_PROMPT:_ Stop after the line holding "The effects of". Repeat exactly every line before it in the records below, that line too, and leave out the pictures.

_INFORMATION:_
====

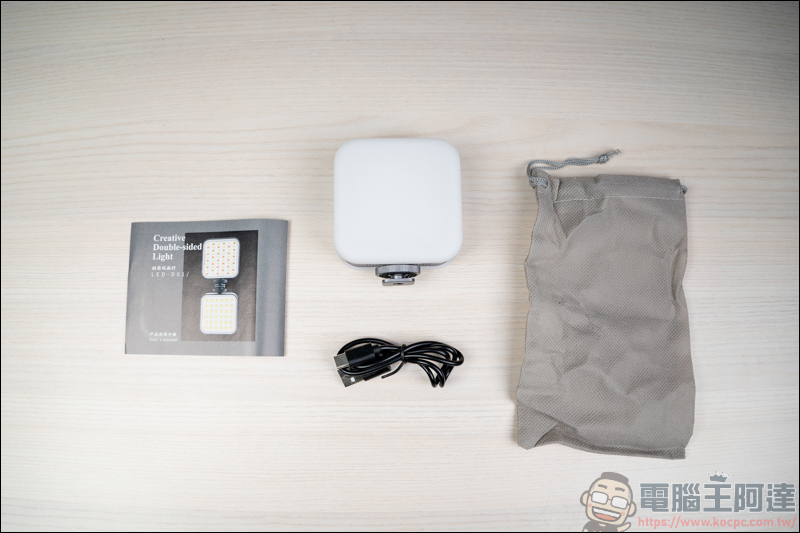 MAMEN LED-D01的內容物:LED-D01、Type-C充電線、收納袋、說明書
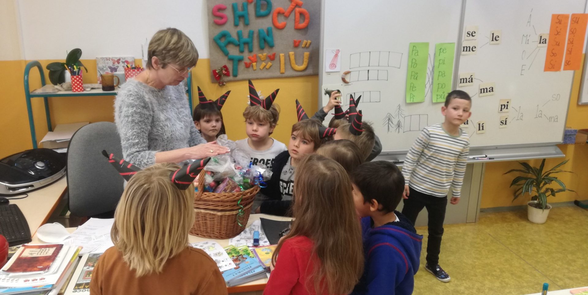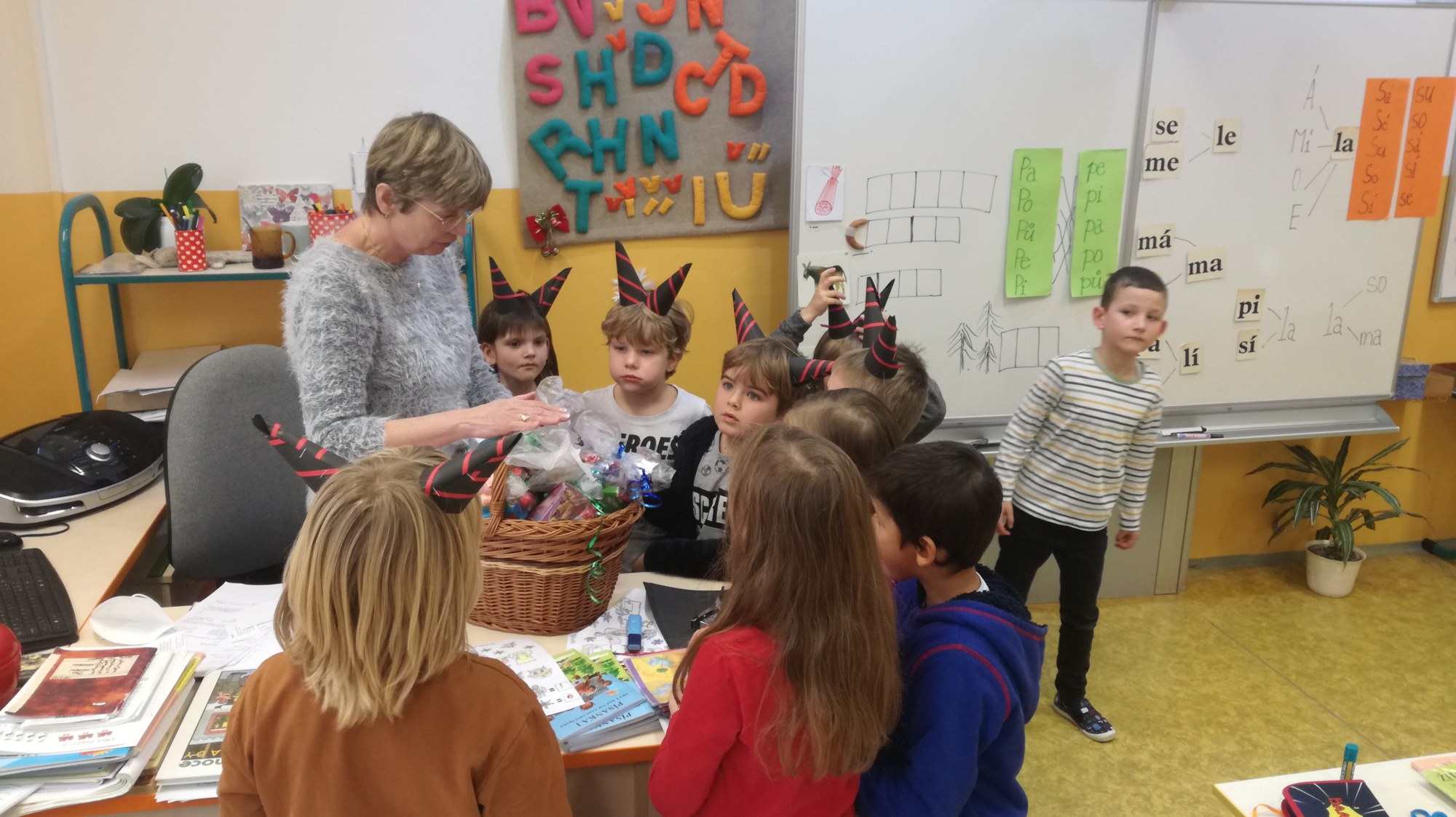 Děti ve třídách vyráběly, počítaly s Mikulášem a čertem, povídaly si s paní učitelkou, dívaly se na čertovskou pohádku. Za splněné úkoly se nakonec dočkaly Mikulášské nadílky – čerti se jim sice neukázali, protože chodí až v neděli, ale nechali jim balíček za dveřmi.
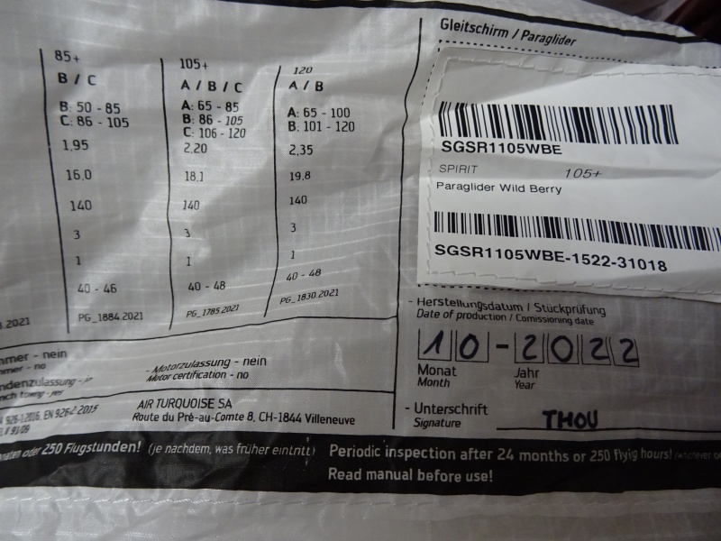 Startgew. 65 - 105 kg. Erstflug 10. 2022 / 23,5 h Flugzeit bei 63 Flüge.
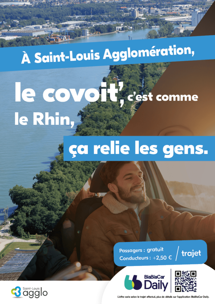 Dans le cadre de son Plan Climat Air Énergie Territorial et de sa labellisation « Territoire engagé en transition écologique », Saint-Louis Agglomération s’engage pour le covoiturage en proposant l’application BlaBlaCar Daily.
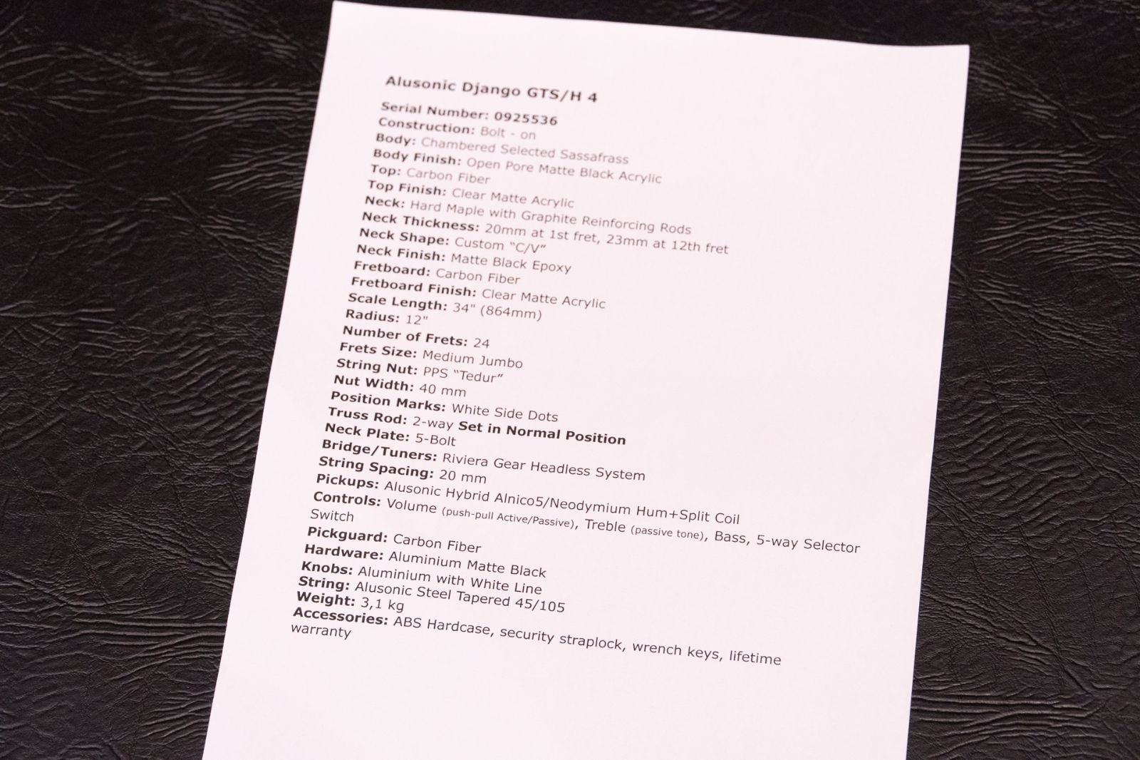 Neck Finish : Matte Black Epoxy
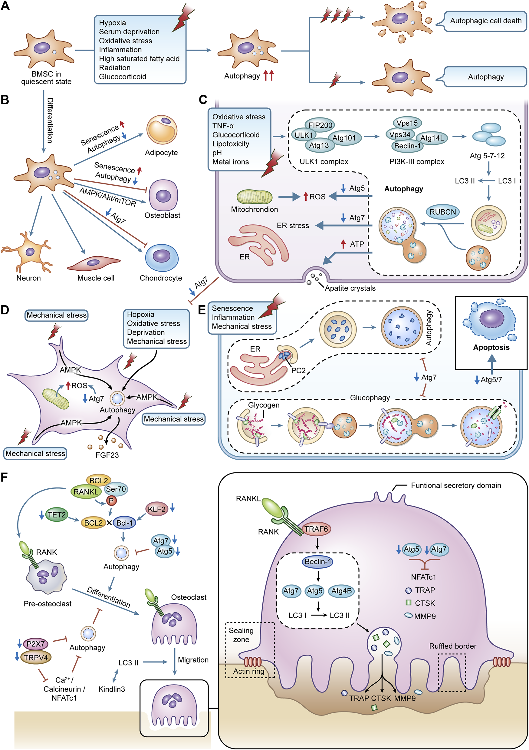 The effects of autophagy in various bone cell. (A) autophagy in BMSCs is activated during cellular differentiation, responding to external stress. (B) the specialized differentiation process in BMSCs is modified by autophagy. (C) autophagy in osteoblasts is activated caused by the stimulation of external stress. It can maintain redox balance within osteoblasts and affect the cellular mineralization and differentiation process. (D) terminally differentiated osteocytes can maintain lifespan and adapt to harsh environments via autophagy. The interaction between autophagy and mechanical stress is critical for the functions of osteocytes. (E) autophagy is an essential part of BMSCs differentiating into chondrocytes. Autophagy can regulate the secretion of type II collagen. Glycophagy can supply energy for chondrocytes. (F) the differentiation, migration, and bone resorption functions of osteoclasts are supported by autophagy.
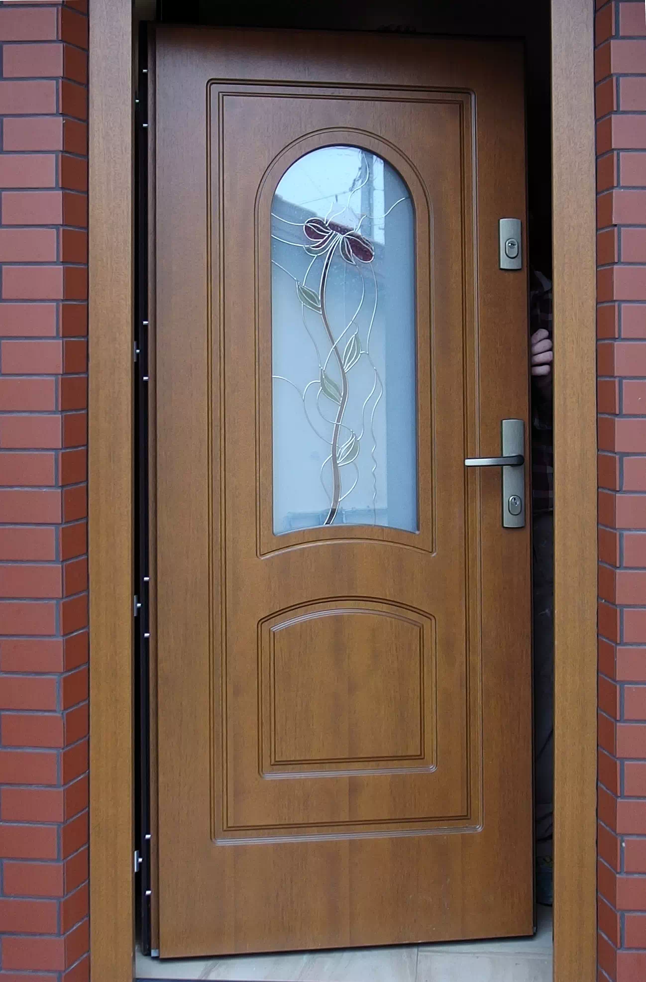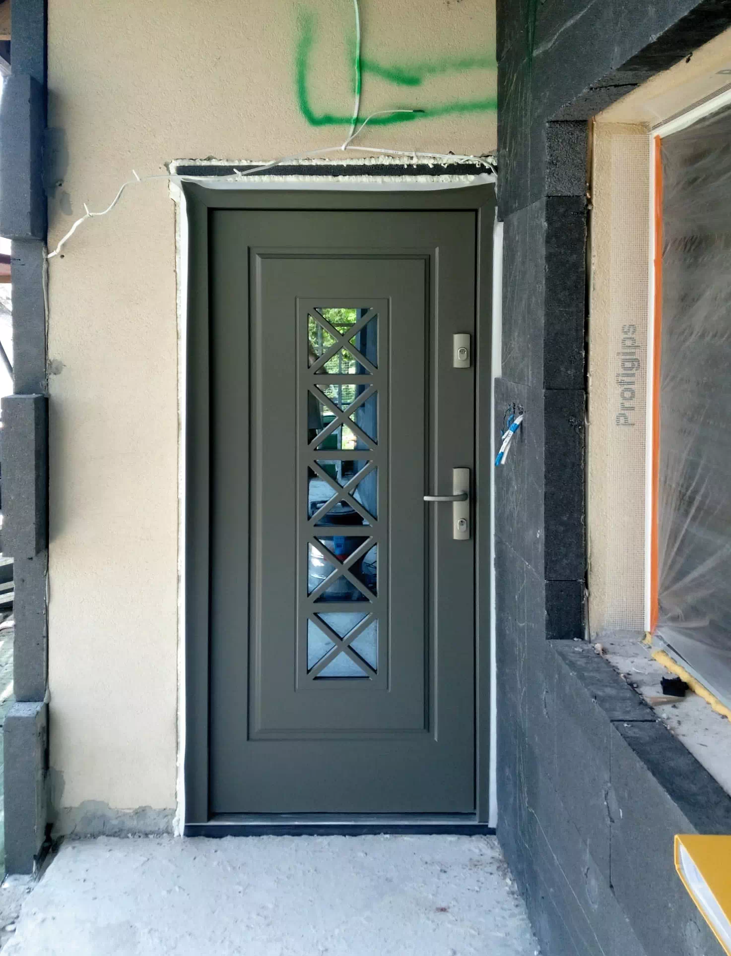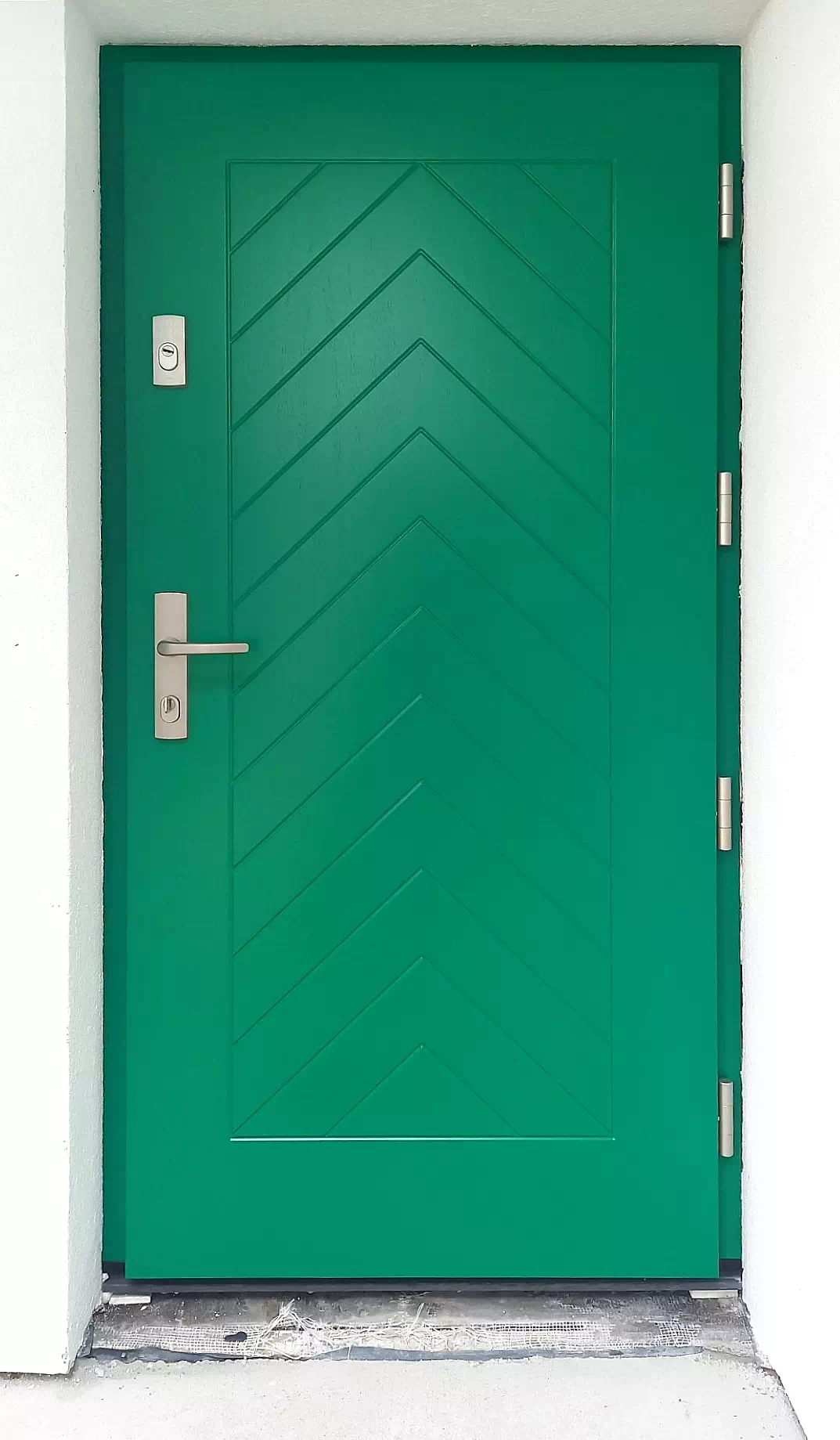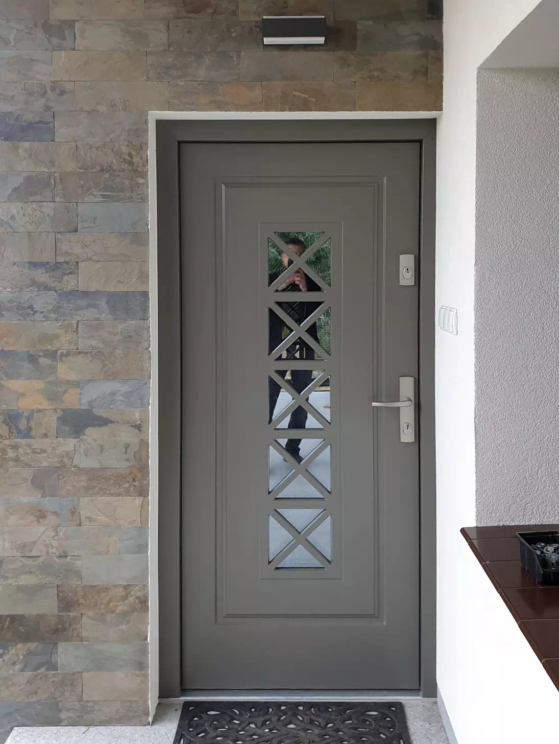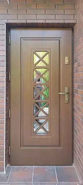 Przykład wymiany drzwi wejściowych na szklony model drzwi zewnętrznych którego wzór oparty na tradycyjnej klepkowej technologii produkcji i wykorzystaniu nowoczesnej technologii produkcji z użyciem obrabiarek CNC. Jest on najczęściej montowany w domach jednorodzinnych o tradycyjnej architekturze.
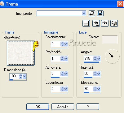 apri il menu cliccando sulla freccia indicata dalla manina e selezione dhtexture2.jpg, con i seguenti settaggi:
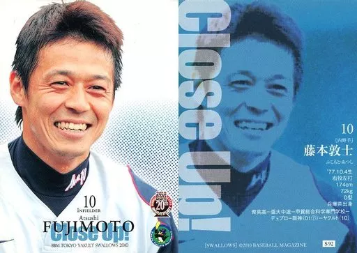 Nombre comercial en japonés: BBM/close-up!/BBM 東京ヤクルトスワローズ 2010 S92[close-up!]:藤本敦士
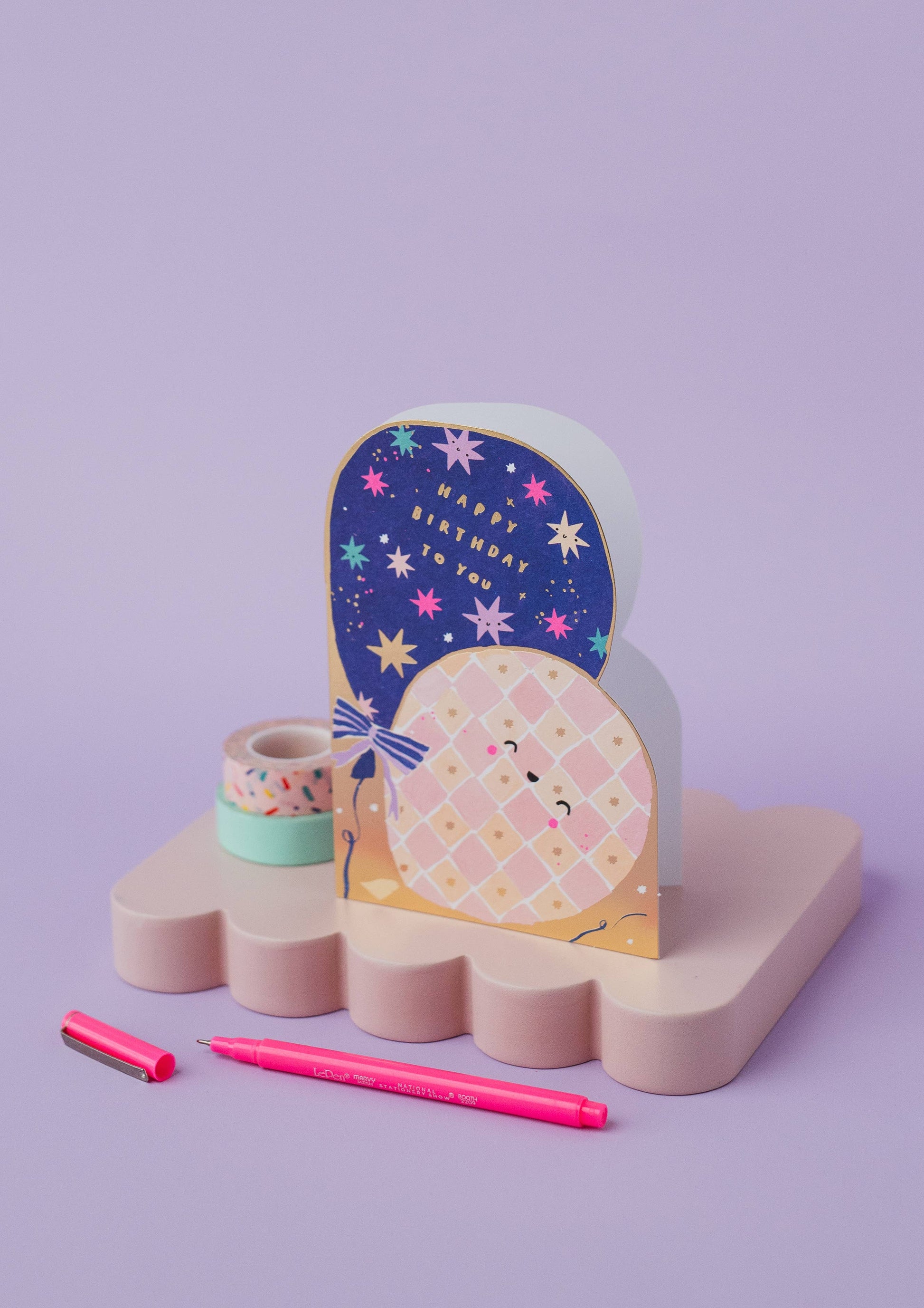 Mochi is cute as can be, with little faces lighting up each card! Whether you’re a foodie, coffee-lover, ale-enthusiast or just love birthdays these pho-nominally fun cards are die-cut, foiled and printed with either neon pink ink or a red pantone. Paired with a luxury white envelope.

====

_ANSWER:_
 MAMEN LED-D01的內容物:LED-D01、Type-C充電線、收納袋、說明書
 Děti ve třídách vyráběly, počítaly s Mikulášem a čertem, povídaly si s paní učitelkou, dívaly se na čertovskou pohádku. Za splněné úkoly se nakonec dočkaly Mikulášské nadílky – čerti se jim sice neukázali, protože chodí až v neděli, ale nechali jim balíček za dveřmi.
 Startgew. 65 - 105 kg. Erstflug 10. 2022 / 23,5 h Flugzeit bei 63 Flüge.
 Dans le cadre de son Plan Climat Air Énergie Territorial et de sa labellisation « Territoire engagé en transition écologique », Saint-Louis Agglomération s’engage pour le covoiturage en proposant l’application BlaBlaCar Daily.
 Neck Finish : Matte Black Epoxy
 The effects of autophagy in various bone cell. (A) autophagy in BMSCs is activated during cellular differentiation, responding to external stress. (B) the specialized differentiation process in BMSCs is modified by autophagy. (C) autophagy in osteoblasts is activated caused by the stimulation of external stress. It can maintain redox balance within osteoblasts and affect the cellular mineralization and differentiation process. (D) terminally differentiated osteocytes can maintain lifespan and adapt to harsh environments via autophagy. The interaction between autophagy and mechanical stress is critical for the functions of osteocytes. (E) autophagy is an essential part of BMSCs differentiating into chondrocytes. Autophagy can regulate the secretion of type II collagen. Glycophagy can supply energy for chondrocytes. (F) the differentiation, migration, and bone resorption functions of osteoclasts are supported by autophagy.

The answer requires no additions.